▶ **Problem to work on**
From the first line down to the one containing "(BL) zu fahren.", reproduce the entries below exactly and leave out the pictures.

▶ **Given records**
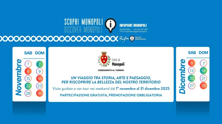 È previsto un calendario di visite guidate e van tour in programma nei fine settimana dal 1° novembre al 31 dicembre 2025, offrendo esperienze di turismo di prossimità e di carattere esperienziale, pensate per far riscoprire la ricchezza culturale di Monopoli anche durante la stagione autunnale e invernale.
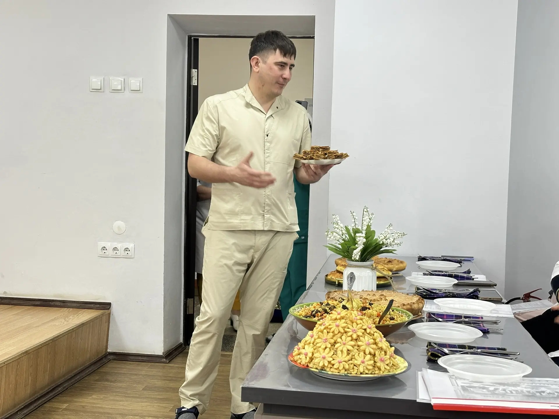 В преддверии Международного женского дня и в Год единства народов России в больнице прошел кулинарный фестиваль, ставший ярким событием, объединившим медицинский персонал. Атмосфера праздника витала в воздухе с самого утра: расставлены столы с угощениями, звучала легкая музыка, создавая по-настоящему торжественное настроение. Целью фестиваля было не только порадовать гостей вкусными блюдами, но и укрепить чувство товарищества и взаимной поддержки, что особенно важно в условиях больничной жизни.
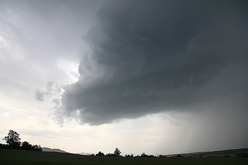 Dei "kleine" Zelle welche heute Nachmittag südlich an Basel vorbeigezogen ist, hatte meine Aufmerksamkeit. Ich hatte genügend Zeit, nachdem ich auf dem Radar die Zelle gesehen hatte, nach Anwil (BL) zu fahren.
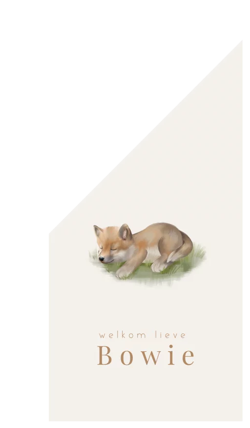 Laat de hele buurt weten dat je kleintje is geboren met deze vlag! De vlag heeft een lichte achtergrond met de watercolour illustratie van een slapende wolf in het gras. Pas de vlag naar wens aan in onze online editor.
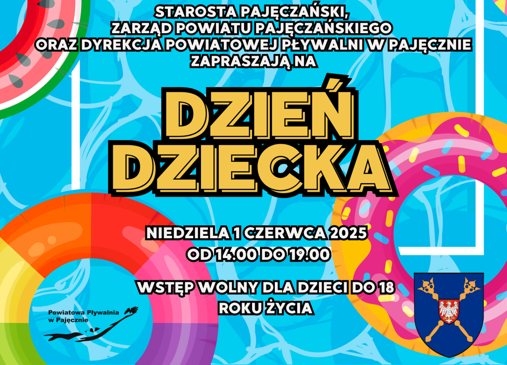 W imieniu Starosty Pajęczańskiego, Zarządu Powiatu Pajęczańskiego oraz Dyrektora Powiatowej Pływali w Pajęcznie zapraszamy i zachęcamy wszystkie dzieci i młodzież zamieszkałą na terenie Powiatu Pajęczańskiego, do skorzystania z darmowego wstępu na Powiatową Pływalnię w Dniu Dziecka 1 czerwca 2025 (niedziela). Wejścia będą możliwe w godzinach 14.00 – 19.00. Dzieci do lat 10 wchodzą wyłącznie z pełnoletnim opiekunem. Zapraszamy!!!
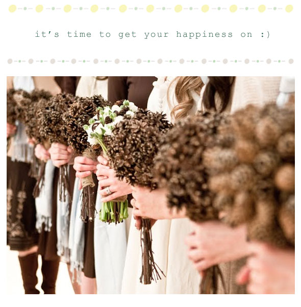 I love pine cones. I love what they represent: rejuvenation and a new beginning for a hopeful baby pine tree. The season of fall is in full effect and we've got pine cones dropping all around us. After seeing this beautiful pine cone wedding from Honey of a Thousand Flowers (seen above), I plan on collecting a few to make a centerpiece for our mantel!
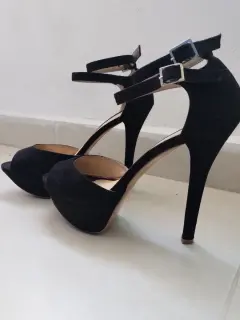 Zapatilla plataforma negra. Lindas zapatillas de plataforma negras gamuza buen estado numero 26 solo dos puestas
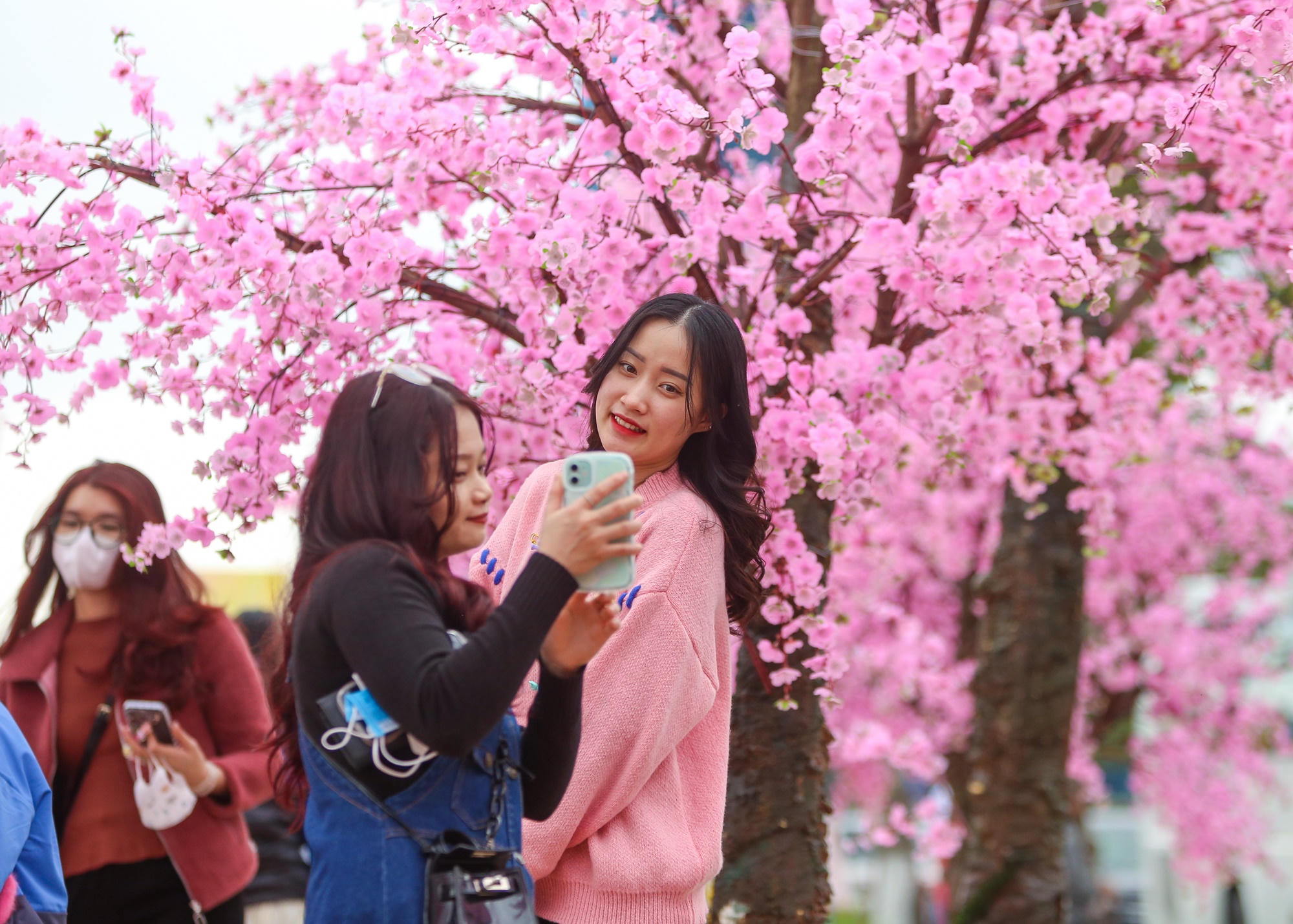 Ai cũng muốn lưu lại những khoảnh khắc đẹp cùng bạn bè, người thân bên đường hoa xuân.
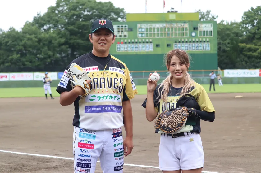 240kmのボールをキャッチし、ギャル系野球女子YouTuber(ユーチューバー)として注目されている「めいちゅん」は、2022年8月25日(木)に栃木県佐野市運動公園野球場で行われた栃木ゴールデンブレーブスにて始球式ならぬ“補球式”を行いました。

▶ **Output of the task**
 È previsto un calendario di visite guidate e van tour in programma nei fine settimana dal 1° novembre al 31 dicembre 2025, offrendo esperienze di turismo di prossimità e di carattere esperienziale, pensate per far riscoprire la ricchezza culturale di Monopoli anche durante la stagione autunnale e invernale.
 В преддверии Международного женского дня и в Год единства народов России в больнице прошел кулинарный фестиваль, ставший ярким событием, объединившим медицинский персонал. Атмосфера праздника витала в воздухе с самого утра: расставлены столы с угощениями, звучала легкая музыка, создавая по-настоящему торжественное настроение. Целью фестиваля было не только порадовать гостей вкусными блюдами, но и укрепить чувство товарищества и взаимной поддержки, что особенно важно в условиях больничной жизни.
 Dei "kleine" Zelle welche heute Nachmittag südlich an Basel vorbeigezogen ist, hatte meine Aufmerksamkeit. Ich hatte genügend Zeit, nachdem ich auf dem Radar die Zelle gesehen hatte, nach Anwil (BL) zu fahren.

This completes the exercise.